Evaluating these criteria in the form of a logistic regression model, we find next to no correlation between the variables (Pseudo R-Squared -0.005). In fact, when attempting to predict results with several different models, we find next to everyone in the test dataset being labeled as a non-winner! Our model produces a test dataset accuracy of 68%, a misleading statistic given that two-thirds of the data are non-winners from the get-go. This can be reviewed with an ROC curve, seen below. Our model is only slightly better than picking winners at random.

Final thoughts

So, what does this mean? Has all this work been for nothing? Quite the contrary. Sometimes life, especially game show results, aren’t predictable! Whether it’s a lack of detailed data, a mis-defined inference, or a challenging problem to solve, sometimes we can’t find the results we hoped for.

Or are we? Instead, I would argue our investigation has shown that anyone can make it onto Jeopardy and be a successful contestant. Regardless of an individual’s hometown, job, gender, or the funny quip they describe on the show, what matters is the strategy and effort contestants take to study and prepare for these trivia shows. In a paraphrase to my favorite Disney film Ratatouille’s famous quote: “Anyone can win on Jeopardy!”.

When competing in DataFest, remember, it’s not the results themselves that matter, but the story you tell with them!

Footnotes + Citations

  1. Individuals listed as “retired”, “originally X”, or listed as a unique ‘age’ are listed as “unemployed”. 

  2. When evaluating the winner ratios for job categories, “Student” / “Teacher” / “Unemployed” should be regarded separately given that these individuals have their own tournaments. Those indicated as “Professor” are NOT featured in Teacher’s tournaments and therefore do not need to be considered in this way. 

  3. Polarity is a float that lies between [-1,1], -1 indicates negative sentiment and +1 indicates positive sentiments. Subjectivity is also a float which lies in the range of [0,1]. Subjective sentences generally refer to personal opinion, emotion, or judgment. 

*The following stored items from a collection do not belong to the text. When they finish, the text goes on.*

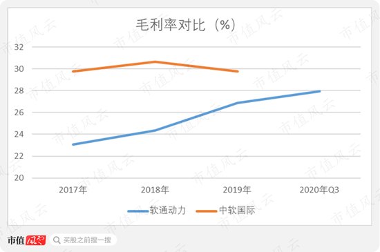 首先,毛利率方面,2017年-2020年9月,软通动力的毛利率持续增长。但对比来看,软通动力仍与中软国际有不小差距。
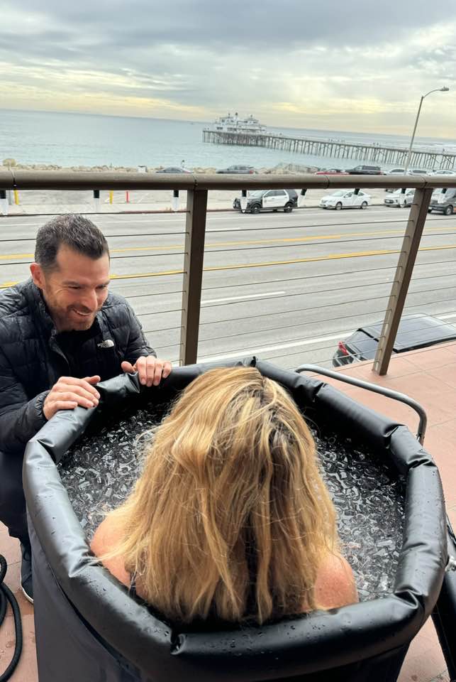 Jared trained our group in Wim Hof breathing methods and body movements before we slid into an icy bucket of water on the terrace overlooking the Malibu Pier and ocean. Mind over matter, Jared coached us through the polar plunge. But don’t worry, the steam room and red-light therapy sauna at CURE are just a few feet away.
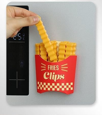 - ✅ (سهل الاستخدام) تصميم أنيق ومرح يساعدك على الحفاظ على الأطعمة طازجة لفترة أطول بدون تسرب أو انسكاب., مع غالق الأكياس على شكل باكت بطاطس الذي يأتي مع 12 مشبك وحامل وشريحة مغناطيسية مرنة.
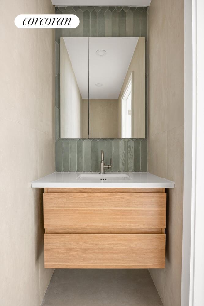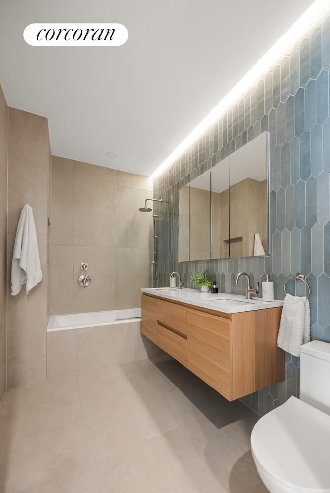 A bright bedroom with two oversized windows overlooks the backyard and includes a walk-in closet for ample storage. The full bathroom, located off the hallway, is a calming sanctuary with soft neutral tiles, a double vanity, and brushed nickel fixtures. A closet with washer/dryer on this level adds everyday convenience.
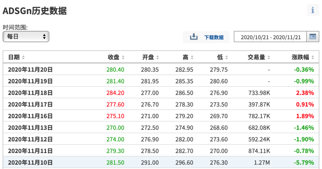 阿迪达斯(ADSGn)近段时间在法兰克福交易所的交易信息
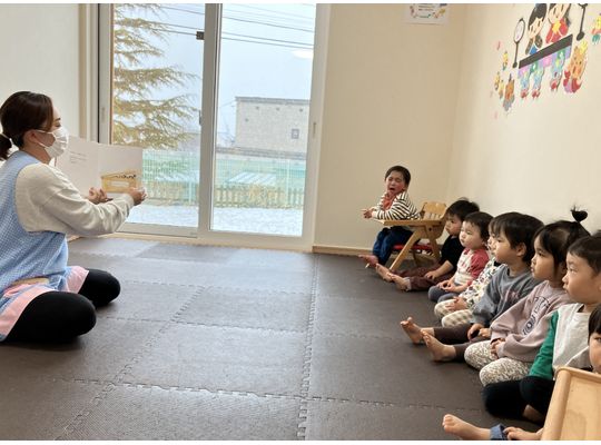 2024/04/11 桔梗園4月になりあたらしいお友だちがはいってきた保育園! 初めましてのお友だちの名前を呼んであげたり、近づいてなでてあげたり、優しい姿を見せる在園児さん♪ -
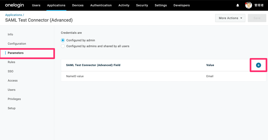 - Click the + icon on the right side to add the required fields for SAML
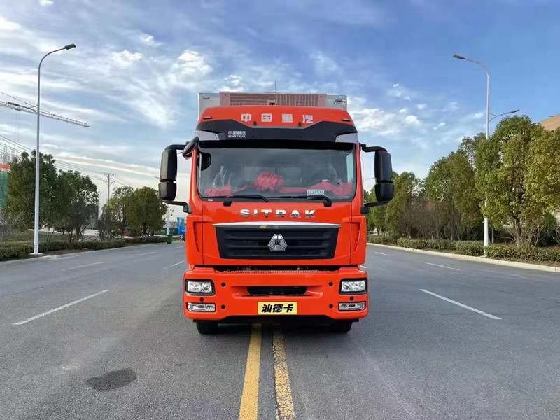 汕德卡國六6米8冷藏車特點:整車的設計風格和自家大哥汕德卡C7H非常相似,在眉宇間也可以看到一些德國MAN TGM載貨車的影子,外觀風格比較硬朗,充滿了德國工業風格的味道。中國重汽四個大字印刻在車頂,展示了自己的身份,同時駕駛室為四氣囊懸掛,提升了行駛在路況較差區域的駕駛艙舒適性。后視鏡采用了一體式后視鏡的結構,使用了不同于橘色車身的黑色材質,與車身形成拼色設計,提升了前臉的時尚感。該車采用了一體式后視鏡的設計,相比于常見鐵支架后視鏡美觀許多。
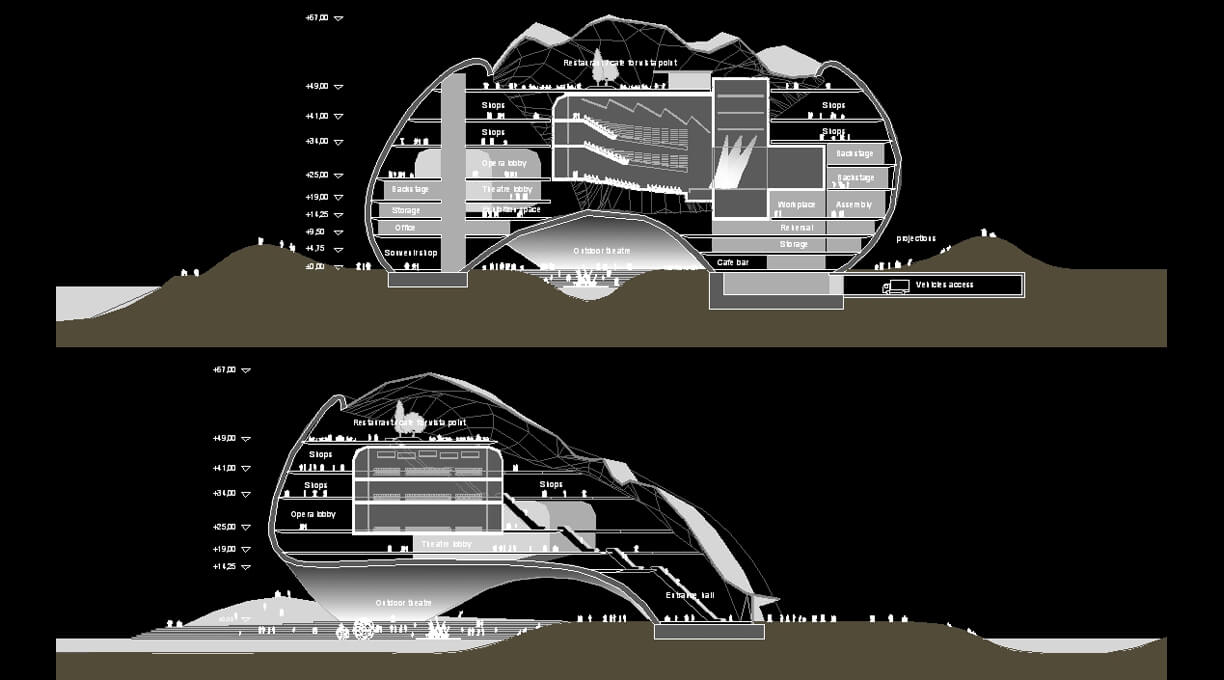 Kaj opera dela? Izkušnja operne predstave nas transcendira iz materialnega sveta. Operna hiša naj ne bo formalni jezik, niti odziv na kontekst, ampak naj bo transcendentna in dematerializirana in naj lebdi nad vodo v svoji idealni formi. Po drugi strani pa naj bo njen obraz kot zamrznjena glasba, ki prebudi teatraličnost in nas povabi vase.

  4. A more detailed walkthrough into the neural networks used to operate textgenrnn can be read here: https://karpathy.github.io/2015/05/21/rnn-effectiveness/ 

  5. When calculating total scores, we are calculating the gross final scores that players earned in their game play. However, most contestants will not see these totals in their winnings, as most tournaments settle to give second place $2,000 and third place $1,000, regardless of what they earned in game. 

  6. In Jeopardy, only first place takes home their overall winnings. Second place receives $2,000 and Third place receives $1,000.